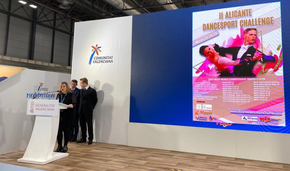 Alicante volverá a albergar una de las más grandes competiciones de bailes de salón con la celebración de la II Alicante Dancesport Challenge, el 14 y 15 de marzo en el Centro de Tecnificación, en la que está previsto participen más de 6.000 bailarines procedentes de distintos lugares del mundo. La competición ha sido presentada hoy en la Feria Internacional de Turismo de Madrid (FITUR) por la vicealcaldesa y concejala de Turismo, Mari Carmen Sánchez, y el concejal de Deportes, José Luis Berenguer. Mari Carmen Sánchez ha resaltado que «Alicante vuelve a ser escenario de una de las grandes competiciones de bailes de salón de cuantas se celebran en el mundo con esta segunda edición de la ‘Alicante Dancesport Challenge» en la que esperamos que venga a competir hasta la ciudad unos 6.000 deportistas». Sánchez ha resaltado que «Alicante vuelve a albergar competiciones de primer nivel, con capacidad para atraer a miles de personas que realizarán su estancia en la ciudad entre uno y dos días con una repercusión desde el punto de vista económico muy importante para el sector hotelero, la restauración y el ocio, porque deporte de competición es también una forma de hacer turismo».
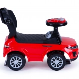 Entre les roues avant et arrière se trouvent des petits patins qui empêchent le véhicule de se renverser. Grâce à eux, l’enfant est en sécurité même lors d’un jeu intensif ; si le véhicule s’incline trop, les patins s’appuient au sol et stabilisent le porteur.
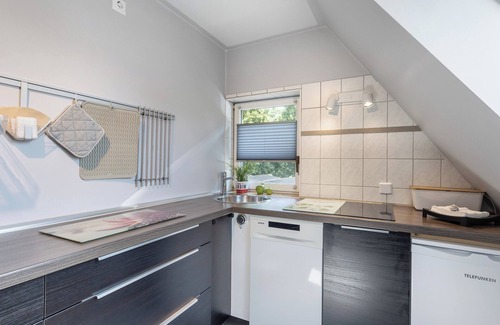 Even on days with bad weather, relaxation is guaranteed within our four walls. The open kitchen is equipped with a double induction hob and a dishwasher. For a pleasant start to your day, a Nespresso machine is available.
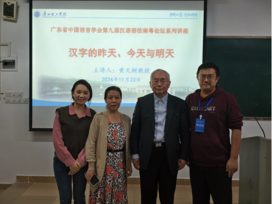 2024年11月23日下午15:00-17:00,公司有幸邀请到清华大学出土文献研究与保护中心的著名教授黄天树先生,在白云校区7-208教室为师生们带来了一场题为《汉字的昨天、今天与明天》的精彩讲座,讲座由郑仲桦博士主持。此次讲座作为“广理大讲堂”系列的重要组成部分,吸引了众多师生前来聆听,现场座无虚席。
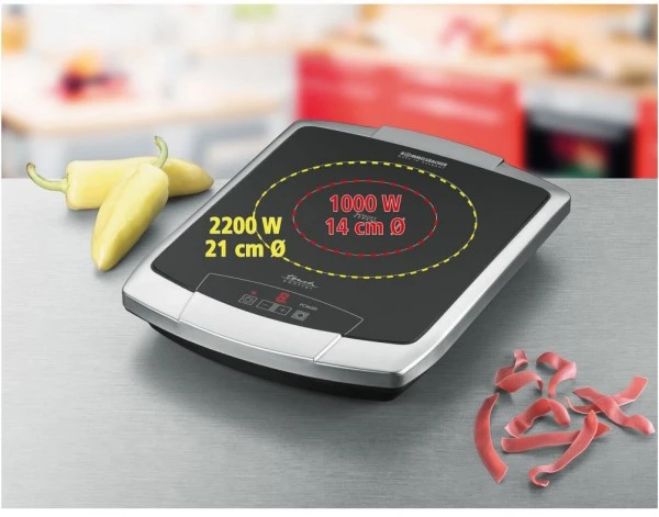Eine außergewöhnliche Einzelkochplatte, mit hochwertigem SCHOTT CERAN® Glaskeramik Kochfeld in einem eleganten Edelstahl Gehäuse im Softline Design. Diese freistehende Kochplatte ist ein Schmuckstück in jeder Küche. Die Ausstattung erfüllt alle Ansprüche: die HiLight® Heizzonen werden stromsparend über Touch Control in 9 Stufen geregelt. Die Zweikreis Lösung erlaubt die Zuschaltung einer extra großen Zone mit 210 mm Ø, perfekt für große Kochgefäße. Kontrolllampe und Restwärmeanzeige sind selbstverständlich. Überhitzungsschutz und Ankochautomatik bieten perfekte Sicherheit und besten Komfort.
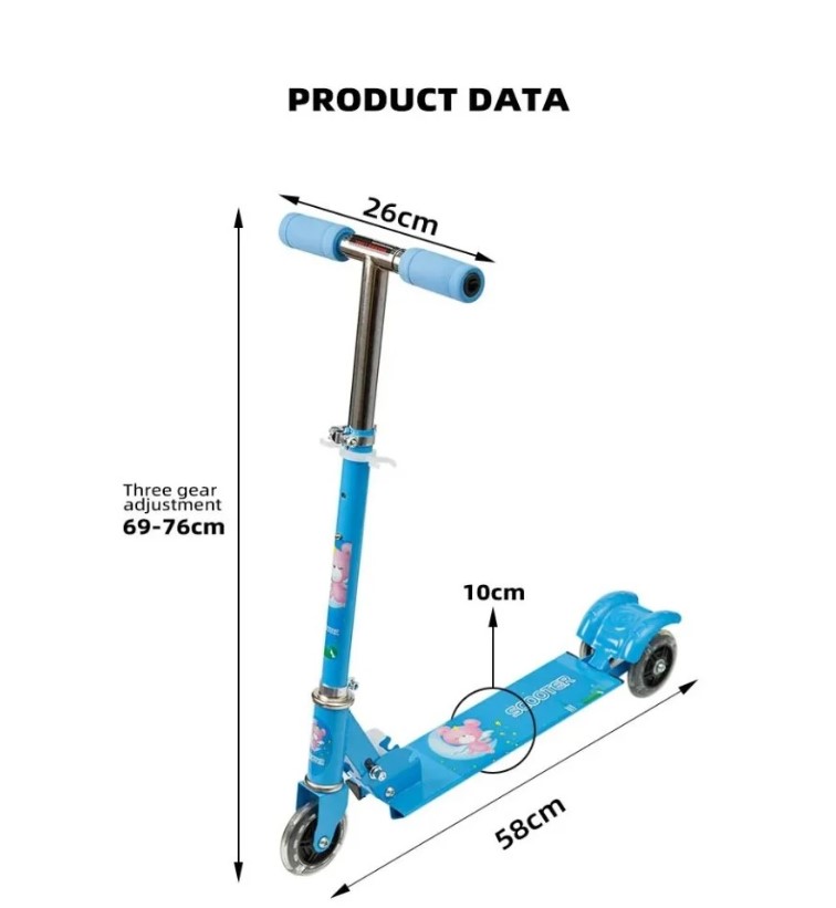 Oferă-i copilului tău momente de distracție și aventură cu trotineta pliabilă și reglabilă cu 3 roți, special concepută pentru cei mici! Designul modern, culorile atractive și funcțiile de siguranță fac din această trotinetă alegerea perfectă pentru copiii de peste 3 ani.
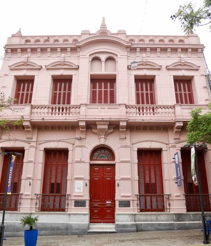 Je redescends désormais la rue commerçant Uruguay, en direction du port. Pratiquement en face de l'office de tourisme de la ville, je m'arrête un instant devant la superbe façade du musée des Beaux-arts (ci-dessous). La ville conserve toujours de jolies façades qu'il m'arrivera de photographier lors de ma promenade (consulter l'ensemble des photos prises lors de cette sortie), souvenirs du temps de la splendeur passée de cette cité.
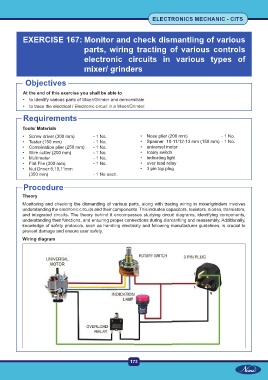 • to trace the electrical / Electronic circuit in a Mixer/Grinder.
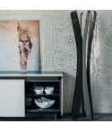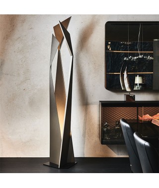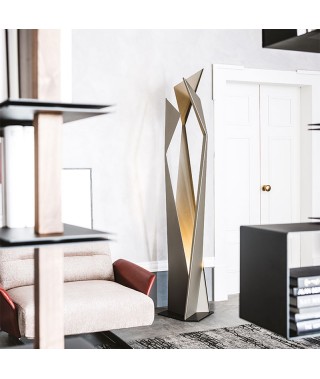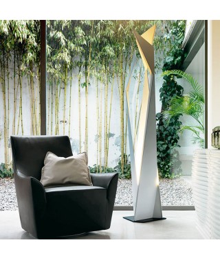 Lampada da terra con struttura in acciaio verniciato bianco (OP71) opaco, goffrato titanio (GFM11) o bronzo (GFM18) e base nera. Lampadina non inclusa nella versione a 110V.
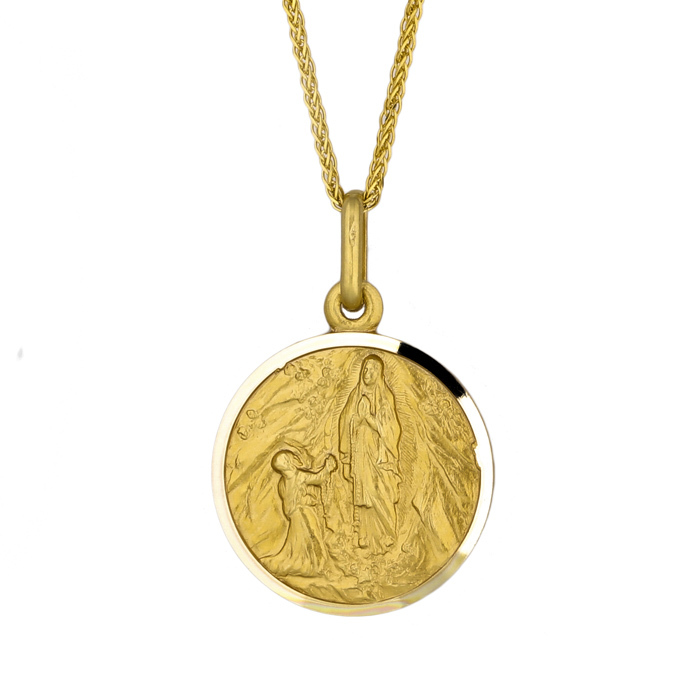 9KT Yellow Gold St Lourdes we can see the figure of the Virgin seen by young Bernadette in the cavern of the little town of Lourdes. A cold and dark place which stands to symbolize the presence of God who reaches us wherever we are. To wear it means to be always in contact with God.

++++++++++++++++++++

▸ Work required
Pictures do not belong in the answer. Return the lines above starting at the one with "Je redescends désormais" and ending at the one with "in a Mixer/Grinder.", both kept, exactly.

▸ Response to this task
 Je redescends désormais la rue commerçant Uruguay, en direction du port. Pratiquement en face de l'office de tourisme de la ville, je m'arrête un instant devant la superbe façade du musée des Beaux-arts (ci-dessous). La ville conserve toujours de jolies façades qu'il m'arrivera de photographier lors de ma promenade (consulter l'ensemble des photos prises lors de cette sortie), souvenirs du temps de la splendeur passée de cette cité.
 • to trace the electrical / Electronic circuit in a Mixer/Grinder.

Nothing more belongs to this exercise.